*** Block opens ***

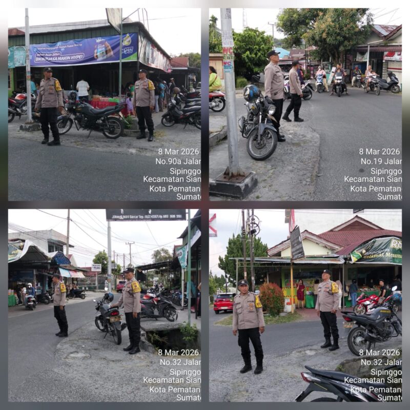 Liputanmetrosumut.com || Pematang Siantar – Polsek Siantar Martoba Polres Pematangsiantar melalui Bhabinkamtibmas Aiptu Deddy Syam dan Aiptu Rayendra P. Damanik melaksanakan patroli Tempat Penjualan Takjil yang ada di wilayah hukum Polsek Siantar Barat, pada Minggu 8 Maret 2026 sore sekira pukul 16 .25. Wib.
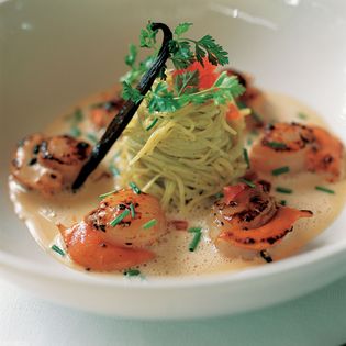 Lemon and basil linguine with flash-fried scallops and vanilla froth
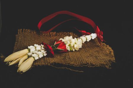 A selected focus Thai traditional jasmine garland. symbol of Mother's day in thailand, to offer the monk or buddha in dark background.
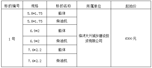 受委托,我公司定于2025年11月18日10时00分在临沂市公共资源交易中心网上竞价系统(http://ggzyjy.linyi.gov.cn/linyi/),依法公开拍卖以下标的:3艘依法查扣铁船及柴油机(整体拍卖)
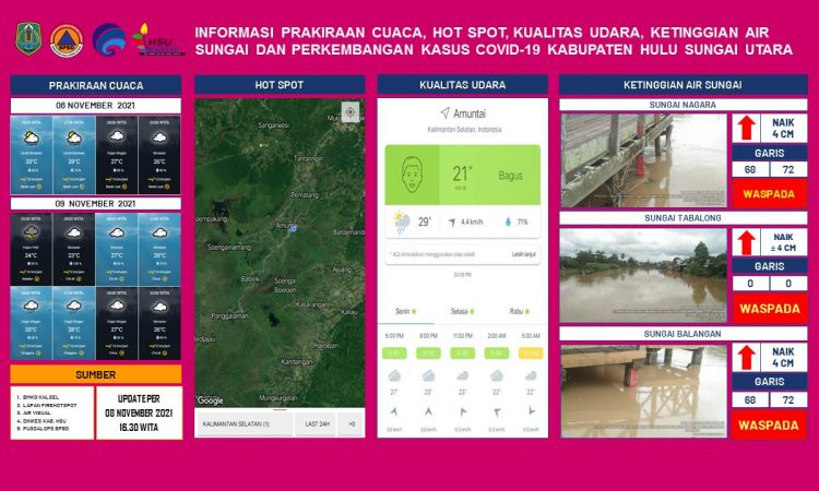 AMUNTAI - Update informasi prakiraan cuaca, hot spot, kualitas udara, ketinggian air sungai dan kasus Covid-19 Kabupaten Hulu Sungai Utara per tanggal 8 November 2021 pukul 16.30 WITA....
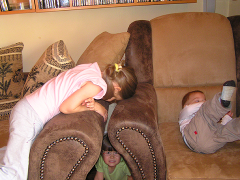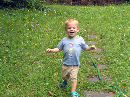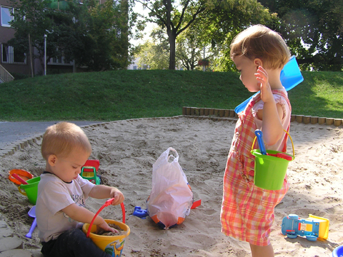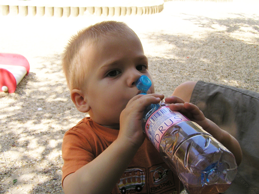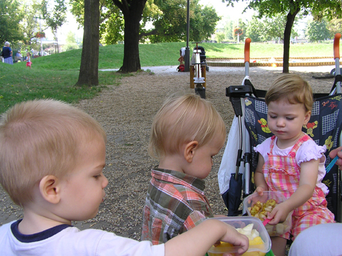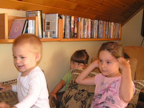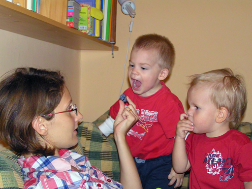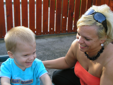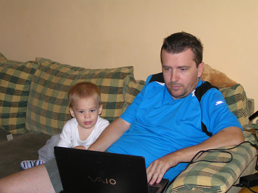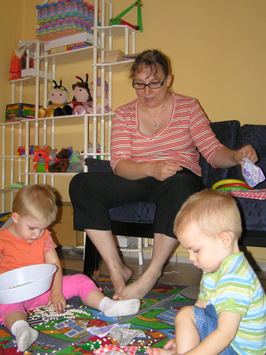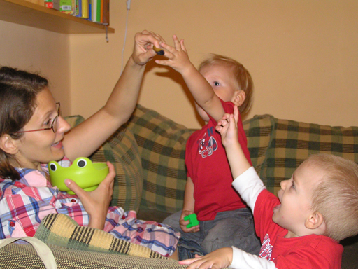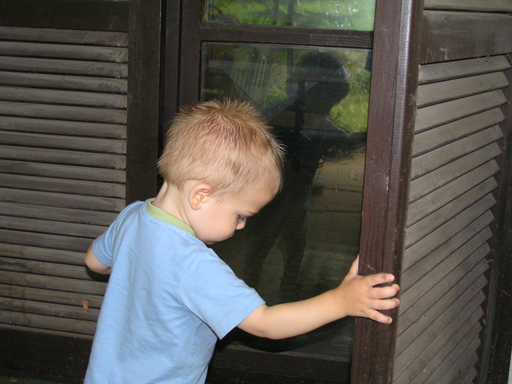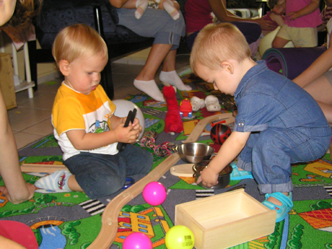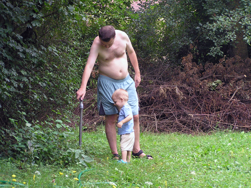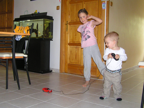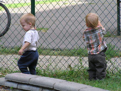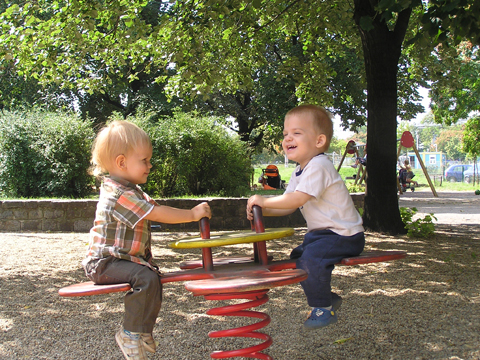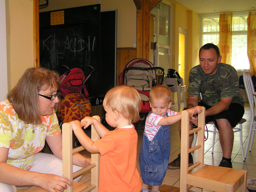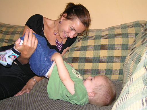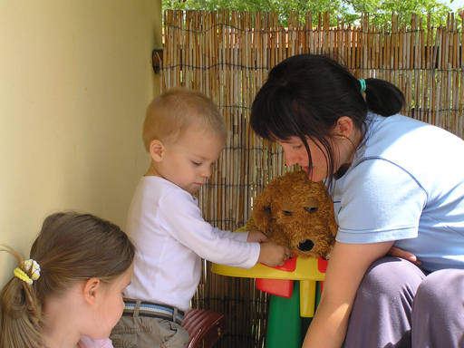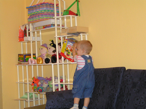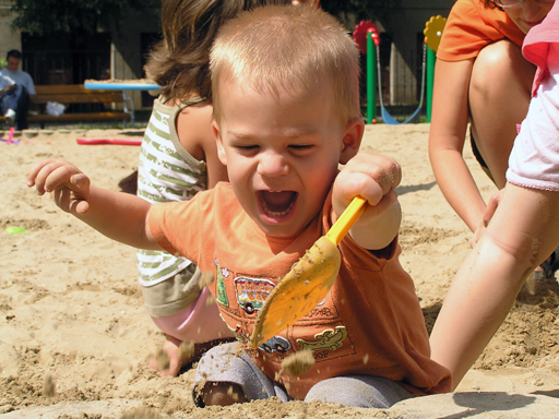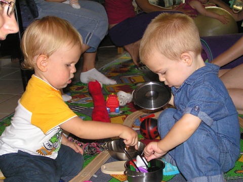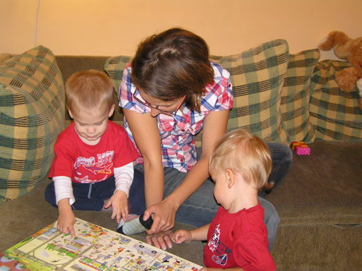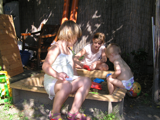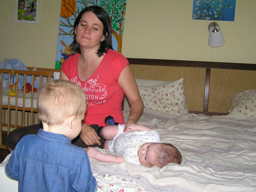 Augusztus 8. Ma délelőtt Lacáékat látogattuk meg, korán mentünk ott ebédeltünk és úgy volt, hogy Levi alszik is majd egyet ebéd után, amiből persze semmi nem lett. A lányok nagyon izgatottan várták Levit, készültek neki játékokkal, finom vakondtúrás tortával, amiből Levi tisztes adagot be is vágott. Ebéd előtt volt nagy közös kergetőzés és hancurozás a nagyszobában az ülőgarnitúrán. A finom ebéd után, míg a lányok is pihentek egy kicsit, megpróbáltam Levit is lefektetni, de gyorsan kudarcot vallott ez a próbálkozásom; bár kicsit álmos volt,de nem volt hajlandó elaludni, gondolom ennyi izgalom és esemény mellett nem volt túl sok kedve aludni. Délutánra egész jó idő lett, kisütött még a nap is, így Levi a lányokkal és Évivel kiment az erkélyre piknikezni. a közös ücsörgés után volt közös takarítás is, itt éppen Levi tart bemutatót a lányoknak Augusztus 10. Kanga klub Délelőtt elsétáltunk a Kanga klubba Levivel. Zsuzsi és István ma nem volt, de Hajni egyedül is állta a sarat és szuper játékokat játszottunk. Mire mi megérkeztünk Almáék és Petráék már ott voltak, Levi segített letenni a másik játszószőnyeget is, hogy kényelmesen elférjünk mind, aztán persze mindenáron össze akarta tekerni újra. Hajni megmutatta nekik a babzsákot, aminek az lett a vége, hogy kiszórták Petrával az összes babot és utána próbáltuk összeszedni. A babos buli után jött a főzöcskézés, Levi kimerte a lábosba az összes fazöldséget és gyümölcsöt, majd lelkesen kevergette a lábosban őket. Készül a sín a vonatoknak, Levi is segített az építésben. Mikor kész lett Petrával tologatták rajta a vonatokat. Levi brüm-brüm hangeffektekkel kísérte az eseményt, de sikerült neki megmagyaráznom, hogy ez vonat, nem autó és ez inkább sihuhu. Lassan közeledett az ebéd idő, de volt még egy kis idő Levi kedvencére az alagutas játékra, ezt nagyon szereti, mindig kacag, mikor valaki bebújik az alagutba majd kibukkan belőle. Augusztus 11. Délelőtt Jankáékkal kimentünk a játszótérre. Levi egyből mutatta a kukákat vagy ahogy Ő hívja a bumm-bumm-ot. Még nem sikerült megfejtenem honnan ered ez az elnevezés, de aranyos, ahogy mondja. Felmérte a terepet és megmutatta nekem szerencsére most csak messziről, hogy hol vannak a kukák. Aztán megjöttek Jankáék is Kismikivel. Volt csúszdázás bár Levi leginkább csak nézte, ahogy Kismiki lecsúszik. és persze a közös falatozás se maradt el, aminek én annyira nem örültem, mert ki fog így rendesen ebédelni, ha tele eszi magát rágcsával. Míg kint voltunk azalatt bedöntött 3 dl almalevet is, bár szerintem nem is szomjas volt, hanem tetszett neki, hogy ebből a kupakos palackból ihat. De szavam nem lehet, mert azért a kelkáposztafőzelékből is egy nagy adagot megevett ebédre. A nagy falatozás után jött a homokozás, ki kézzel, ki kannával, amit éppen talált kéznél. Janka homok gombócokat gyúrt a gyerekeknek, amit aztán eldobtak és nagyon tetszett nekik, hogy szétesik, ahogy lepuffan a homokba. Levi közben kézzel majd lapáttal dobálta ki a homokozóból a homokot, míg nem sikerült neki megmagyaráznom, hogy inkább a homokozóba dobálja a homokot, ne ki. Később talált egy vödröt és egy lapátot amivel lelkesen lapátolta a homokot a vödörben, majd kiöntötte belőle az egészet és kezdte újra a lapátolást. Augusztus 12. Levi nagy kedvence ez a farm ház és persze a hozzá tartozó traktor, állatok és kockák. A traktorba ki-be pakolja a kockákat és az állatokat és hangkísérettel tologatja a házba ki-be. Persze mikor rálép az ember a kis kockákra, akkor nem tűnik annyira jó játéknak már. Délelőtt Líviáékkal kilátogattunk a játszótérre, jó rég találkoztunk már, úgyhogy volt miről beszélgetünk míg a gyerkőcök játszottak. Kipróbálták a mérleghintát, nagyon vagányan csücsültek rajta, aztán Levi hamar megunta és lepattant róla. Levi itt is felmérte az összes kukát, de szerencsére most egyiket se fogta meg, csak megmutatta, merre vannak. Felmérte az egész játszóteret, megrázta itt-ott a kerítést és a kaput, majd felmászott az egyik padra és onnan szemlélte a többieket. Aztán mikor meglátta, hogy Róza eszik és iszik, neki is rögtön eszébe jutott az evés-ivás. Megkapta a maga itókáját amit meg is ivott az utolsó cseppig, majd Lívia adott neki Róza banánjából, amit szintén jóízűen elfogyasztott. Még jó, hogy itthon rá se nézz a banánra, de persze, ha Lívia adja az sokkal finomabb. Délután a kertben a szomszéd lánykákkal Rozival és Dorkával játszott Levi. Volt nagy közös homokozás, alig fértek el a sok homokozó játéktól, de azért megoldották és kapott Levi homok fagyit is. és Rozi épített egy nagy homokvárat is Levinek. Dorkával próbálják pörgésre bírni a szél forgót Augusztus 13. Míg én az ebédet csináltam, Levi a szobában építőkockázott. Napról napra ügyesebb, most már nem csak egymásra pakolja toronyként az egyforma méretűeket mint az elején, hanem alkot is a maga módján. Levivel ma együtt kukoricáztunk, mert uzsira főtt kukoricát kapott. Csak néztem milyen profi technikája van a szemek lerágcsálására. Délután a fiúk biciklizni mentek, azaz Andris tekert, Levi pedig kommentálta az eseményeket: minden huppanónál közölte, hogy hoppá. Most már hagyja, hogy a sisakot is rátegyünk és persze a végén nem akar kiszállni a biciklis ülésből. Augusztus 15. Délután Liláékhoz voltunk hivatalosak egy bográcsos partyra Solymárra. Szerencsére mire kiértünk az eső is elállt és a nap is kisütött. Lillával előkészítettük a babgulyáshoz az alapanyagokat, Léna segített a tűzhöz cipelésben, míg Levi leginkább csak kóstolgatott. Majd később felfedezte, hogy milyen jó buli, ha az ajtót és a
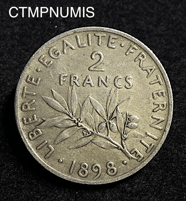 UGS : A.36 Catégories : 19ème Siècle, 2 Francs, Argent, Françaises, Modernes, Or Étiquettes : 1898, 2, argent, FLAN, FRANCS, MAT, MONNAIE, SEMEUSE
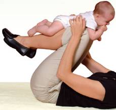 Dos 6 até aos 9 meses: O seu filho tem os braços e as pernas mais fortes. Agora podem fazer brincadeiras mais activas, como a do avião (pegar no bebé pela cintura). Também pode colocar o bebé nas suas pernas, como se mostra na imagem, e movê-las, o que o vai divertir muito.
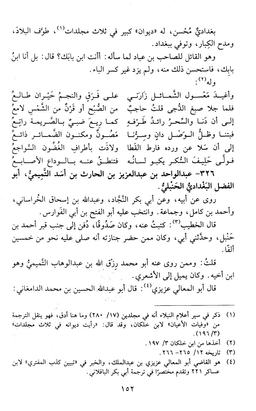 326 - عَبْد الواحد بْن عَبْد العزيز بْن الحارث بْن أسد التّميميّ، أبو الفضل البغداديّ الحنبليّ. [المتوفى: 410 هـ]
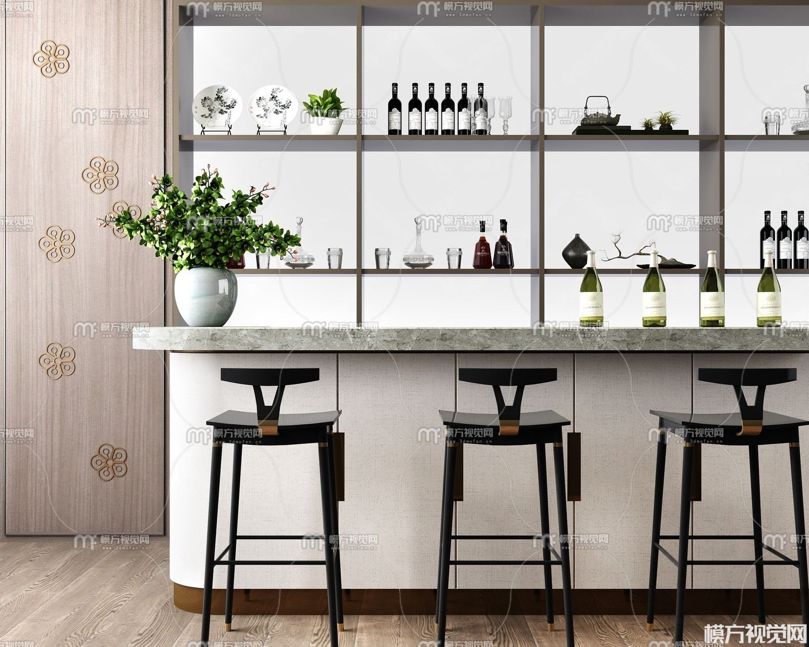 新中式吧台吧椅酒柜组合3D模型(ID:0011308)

*** Block closes ***

REQUIRED ACTION —
Output every line of the records above unchanged, and keep the pictures out.

FINISHED EXERCISE —
 Liputanmetrosumut.com || Pematang Siantar – Polsek Siantar Martoba Polres Pematangsiantar melalui Bhabinkamtibmas Aiptu Deddy Syam dan Aiptu Rayendra P. Damanik melaksanakan patroli Tempat Penjualan Takjil yang ada di wilayah hukum Polsek Siantar Barat, pada Minggu 8 Maret 2026 sore sekira pukul 16 .25. Wib.
 Lemon and basil linguine with flash-fried scallops and vanilla froth
 A selected focus Thai traditional jasmine garland. symbol of Mother's day in thailand, to offer the monk or buddha in dark background.
 受委托,我公司定于2025年11月18日10时00分在临沂市公共资源交易中心网上竞价系统(http://ggzyjy.linyi.gov.cn/linyi/),依法公开拍卖以下标的:3艘依法查扣铁船及柴油机(整体拍卖)
 AMUNTAI - Update informasi prakiraan cuaca, hot spot, kualitas udara, ketinggian air sungai dan kasus Covid-19 Kabupaten Hulu Sungai Utara per tanggal 8 November 2021 pukul 16.30 WITA....
 Augusztus 8. Ma délelőtt Lacáékat látogattuk meg, korán mentünk ott ebédeltünk és úgy volt, hogy Levi alszik is majd egyet ebéd után, amiből persze semmi nem lett. A lányok nagyon izgatottan várták Levit, készültek neki játékokkal, finom vakondtúrás tortával, amiből Levi tisztes adagot be is vágott. Ebéd előtt volt nagy közös kergetőzés és hancurozás a nagyszobában az ülőgarnitúrán. A finom ebéd után, míg a lányok is pihentek egy kicsit, megpróbáltam Levit is lefektetni, de gyorsan kudarcot vallott ez a próbálkozásom; bár kicsit álmos volt,de nem volt hajlandó elaludni, gondolom ennyi izgalom és esemény mellett nem volt túl sok kedve aludni. Délutánra egész jó idő lett, kisütött még a nap is, így Levi a lányokkal és Évivel kiment az erkélyre piknikezni. a közös ücsörgés után volt közös takarítás is, itt éppen Levi tart bemutatót a lányoknak Augusztus 10. Kanga klub Délelőtt elsétáltunk a Kanga klubba Levivel. Zsuzsi és István ma nem volt, de Hajni egyedül is állta a sarat és szuper játékokat játszottunk. Mire mi megérkeztünk Almáék és Petráék már ott voltak, Levi segített letenni a másik játszószőnyeget is, hogy kényelmesen elférjünk mind, aztán persze mindenáron össze akarta tekerni újra. Hajni megmutatta nekik a babzsákot, aminek az lett a vége, hogy kiszórták Petrával az összes babot és utána próbáltuk összeszedni. A babos buli után jött a főzöcskézés, Levi kimerte a lábosba az összes fazöldséget és gyümölcsöt, majd lelkesen kevergette a lábosban őket. Készül a sín a vonatoknak, Levi is segített az építésben. Mikor kész lett Petrával tologatták rajta a vonatokat. Levi brüm-brüm hangeffektekkel kísérte az eseményt, de sikerült neki megmagyaráznom, hogy ez vonat, nem autó és ez inkább sihuhu. Lassan közeledett az ebéd idő, de volt még egy kis idő Levi kedvencére az alagutas játékra, ezt nagyon szereti, mindig kacag, mikor valaki bebújik az alagutba majd kibukkan belőle. Augusztus 11. Délelőtt Jankáékkal kimentünk a játszótérre. Levi egyből mutatta a kukákat vagy ahogy Ő hívja a bumm-bumm-ot. Még nem sikerült megfejtenem honnan ered ez az elnevezés, de aranyos, ahogy mondja. Felmérte a terepet és megmutatta nekem szerencsére most csak messziről, hogy hol vannak a kukák. Aztán megjöttek Jankáék is Kismikivel. Volt csúszdázás bár Levi leginkább csak nézte, ahogy Kismiki lecsúszik. és persze a közös falatozás se maradt el, aminek én annyira nem örültem, mert ki fog így rendesen ebédelni, ha tele eszi magát rágcsával. Míg kint voltunk azalatt bedöntött 3 dl almalevet is, bár szerintem nem is szomjas volt, hanem tetszett neki, hogy ebből a kupakos palackból ihat. De szavam nem lehet, mert azért a kelkáposztafőzelékből is egy nagy adagot megevett ebédre. A nagy falatozás után jött a homokozás, ki kézzel, ki kannával, amit éppen talált kéznél. Janka homok gombócokat gyúrt a gyerekeknek, amit aztán eldobtak és nagyon tetszett nekik, hogy szétesik, ahogy lepuffan a homokba. Levi közben kézzel majd lapáttal dobálta ki a homokozóból a homokot, míg nem sikerült neki megmagyaráznom, hogy inkább a homokozóba dobálja a homokot, ne ki. Később talált egy vödröt és egy lapátot amivel lelkesen lapátolta a homokot a vödörben, majd kiöntötte belőle az egészet és kezdte újra a lapátolást. Augusztus 12. Levi nagy kedvence ez a farm ház és persze a hozzá tartozó traktor, állatok és kockák. A traktorba ki-be pakolja a kockákat és az állatokat és hangkísérettel tologatja a házba ki-be. Persze mikor rálép az ember a kis kockákra, akkor nem tűnik annyira jó játéknak már. Délelőtt Líviáékkal kilátogattunk a játszótérre, jó rég találkoztunk már, úgyhogy volt miről beszélgetünk míg a gyerkőcök játszottak. Kipróbálták a mérleghintát, nagyon vagányan csücsültek rajta, aztán Levi hamar megunta és lepattant róla. Levi itt is felmérte az összes kukát, de szerencsére most egyiket se fogta meg, csak megmutatta, merre vannak. Felmérte az egész játszóteret, megrázta itt-ott a kerítést és a kaput, majd felmászott az egyik padra és onnan szemlélte a többieket. Aztán mikor meglátta, hogy Róza eszik és iszik, neki is rögtön eszébe jutott az evés-ivás. Megkapta a maga itókáját amit meg is ivott az utolsó cseppig, majd Lívia adott neki Róza banánjából, amit szintén jóízűen elfogyasztott. Még jó, hogy itthon rá se nézz a banánra, de persze, ha Lívia adja az sokkal finomabb. Délután a kertben a szomszéd lánykákkal Rozival és Dorkával játszott Levi. Volt nagy közös homokozás, alig fértek el a sok homokozó játéktól, de azért megoldották és kapott Levi homok fagyit is. és Rozi épített egy nagy homokvárat is Levinek. Dorkával próbálják pörgésre bírni a szél forgót Augusztus 13. Míg én az ebédet csináltam, Levi a szobában építőkockázott. Napról napra ügyesebb, most már nem csak egymásra pakolja toronyként az egyforma méretűeket mint az elején, hanem alkot is a maga módján. Levivel ma együtt kukoricáztunk, mert uzsira főtt kukoricát kapott. Csak néztem milyen profi technikája van a szemek lerágcsálására. Délután a fiúk biciklizni mentek, azaz Andris tekert, Levi pedig kommentálta az eseményeket: minden huppanónál közölte, hogy hoppá. Most már hagyja, hogy a sisakot is rátegyünk és persze a végén nem akar kiszállni a biciklis ülésből. Augusztus 15. Délután Liláékhoz voltunk hivatalosak egy bográcsos partyra Solymárra. Szerencsére mire kiértünk az eső is elállt és a nap is kisütött. Lillával előkészítettük a babgulyáshoz az alapanyagokat, Léna segített a tűzhöz cipelésben, míg Levi leginkább csak kóstolgatott. Majd később felfedezte, hogy milyen jó buli, ha az ajtót és a
 UGS : A.36 Catégories : 19ème Siècle, 2 Francs, Argent, Françaises, Modernes, Or Étiquettes : 1898, 2, argent, FLAN, FRANCS, MAT, MONNAIE, SEMEUSE
 Dos 6 até aos 9 meses: O seu filho tem os braços e as pernas mais fortes. Agora podem fazer brincadeiras mais activas, como a do avião (pegar no bebé pela cintura). Também pode colocar o bebé nas suas pernas, como se mostra na imagem, e movê-las, o que o vai divertir muito.
 326 - عَبْد الواحد بْن عَبْد العزيز بْن الحارث بْن أسد التّميميّ، أبو الفضل البغداديّ الحنبليّ. [المتوفى: 410 هـ]
 新中式吧台吧椅酒柜组合3D模型(ID:0011308)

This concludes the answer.